Reputation: 2181
I know there's a function called expr that turns your spark sql into a spark column with that expression:
>>> from pyspark.sql import functions as F
>>> F.expr("length(name)")
Column<b'length(name)'>
Is there a function that does the opposite - turn your Column into a pyspark's sql string? Something like:
>>> F.inverse_expr(F.length(F.col('name')))
'length(name)'
I found out that Column's __repr__
gives you an idea what the column expression is (like Column<b'length(name)'>
, but it doesn't seem to be usable programmatically, without some hacky parsing and string-replacing.
Upvotes: 1
Views: 551
Reputation: 595
I tried the accepted answer by @Som in Spark 2.4.2 and Spark 3.2.1 and it didn't work.
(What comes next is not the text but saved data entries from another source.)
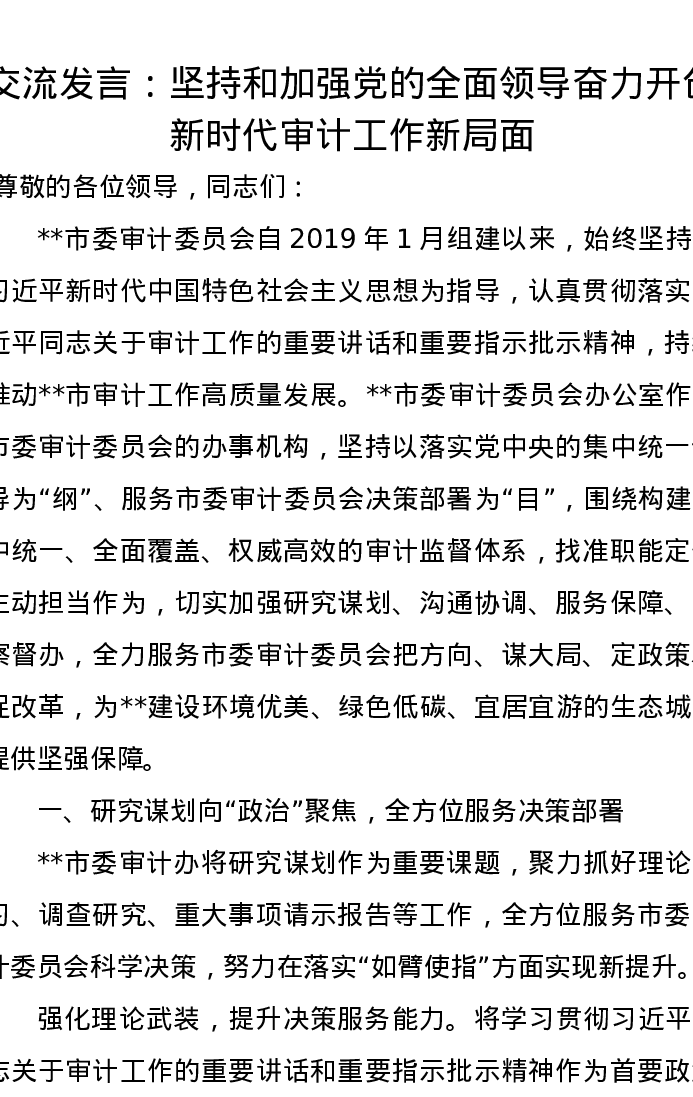 交流发言:坚持和加强党的全面领导奋力开创新时代审计工作新局面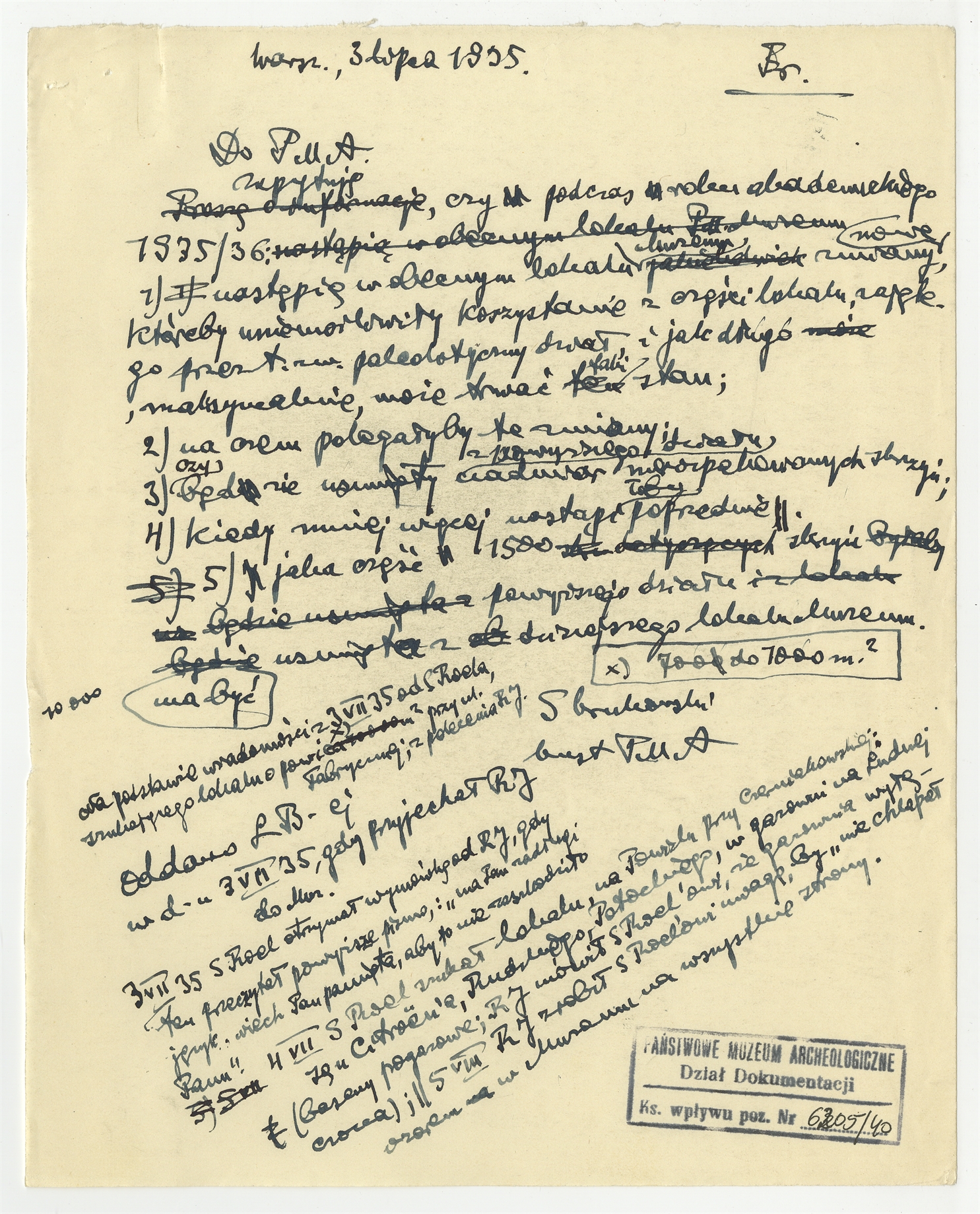 Rękopis-brudnopis pisma prof. Stefana Krukowskiego skierowanego do PMA z dnia 3 lipca 1935 r.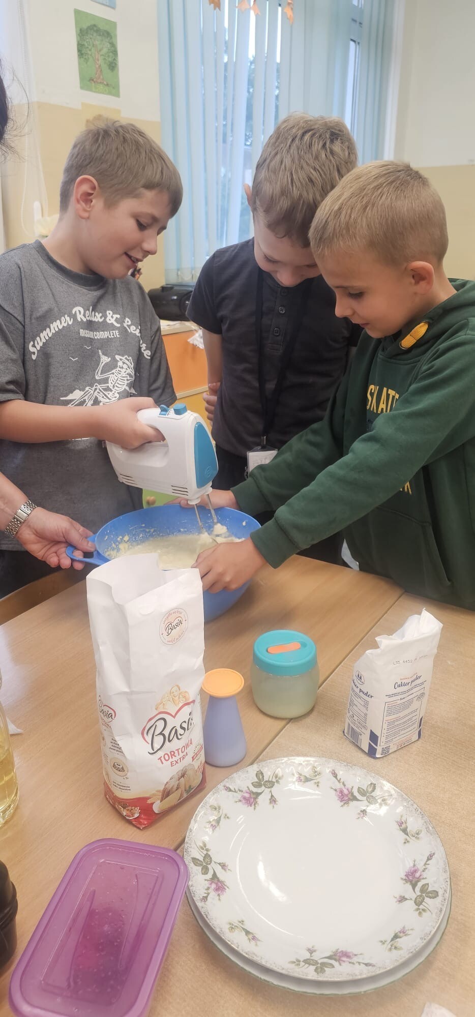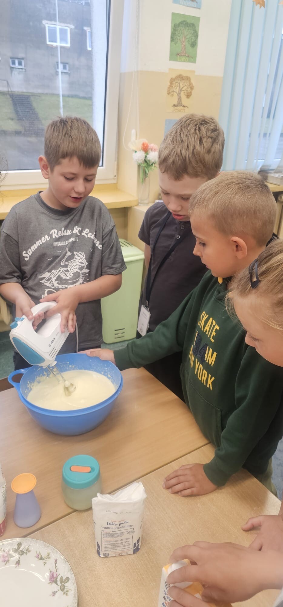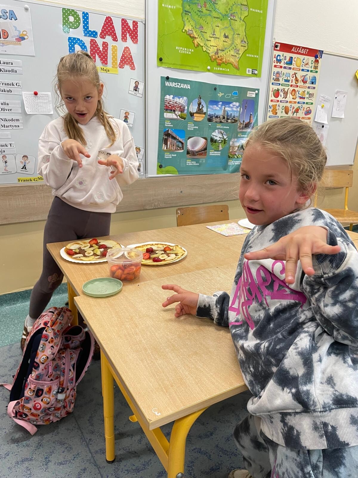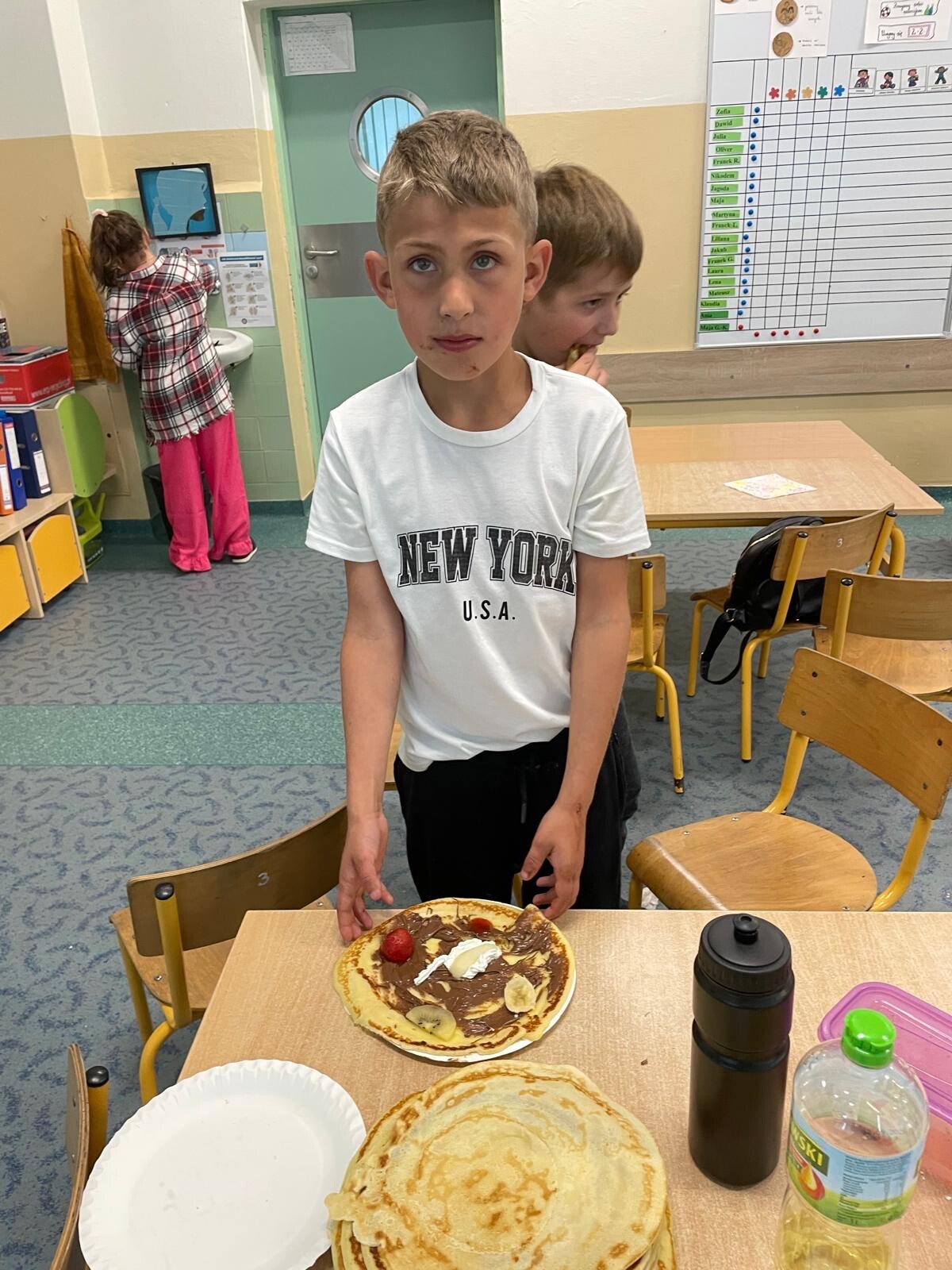 Dziś w klasie 1d unosiły się zapachy, od których każdy łasuch poczułby szybsze bicie serca. Uczniowie zamienili się w mistrzów patelni i gofrownic — na stołach pojawiły się naleśniki, gofry, a na nich prawdziwe cuda: dżemy, czekolada, owoce i... szczypta radości!Było pysznie, słodko i wesoło, a uśmiechy dzieci mówiły jedno: "Możemy to robić codziennie?"

The following approach worked for me in pyspark:
import pyspark
from pyspark.sql import Column
def inverse_expr(c: Column) -> str:
"""Convert a column from `Column` type to an equivalent SQL column expression (string)"""
from packaging import version
sql_expression = c._jc.expr().sql()
if version.parse(pyspark.__version__) < version.parse('3.2.0'):
# prior to Spark 3.2.0 f.col('a.b') would be converted to `a.b` instead of the correct `a`.`b`
# this workaround is used to fix this issue
sql_expression = re.sub(
r'''(`[^"'\s]+\.[^"'\s]+?`)''',
lambda x: x.group(0).replace('.', '`.`'),
sql_expression,
flags=re.MULTILINE
)
return sql_expression
>>> from pyspark.sql import functions as F
>>> inverse_expr(F.length(F.col('name')))
'length(`name`)'
>>> inverse_expr(F.length(F.lit('name')))
"length('name')"
>>> inverse_expr(F.length(F.col('table.name')))
'length(`table`.`name`)'
Upvotes: 0
Reputation: 6323
In scala, we can use column#expr
to get sql type expression as below-
length($"entities").expr.toString()
// length('entities)
In pyspark-
print(F.length("name")._jc.expr.container)
# length(name)
Upvotes: 2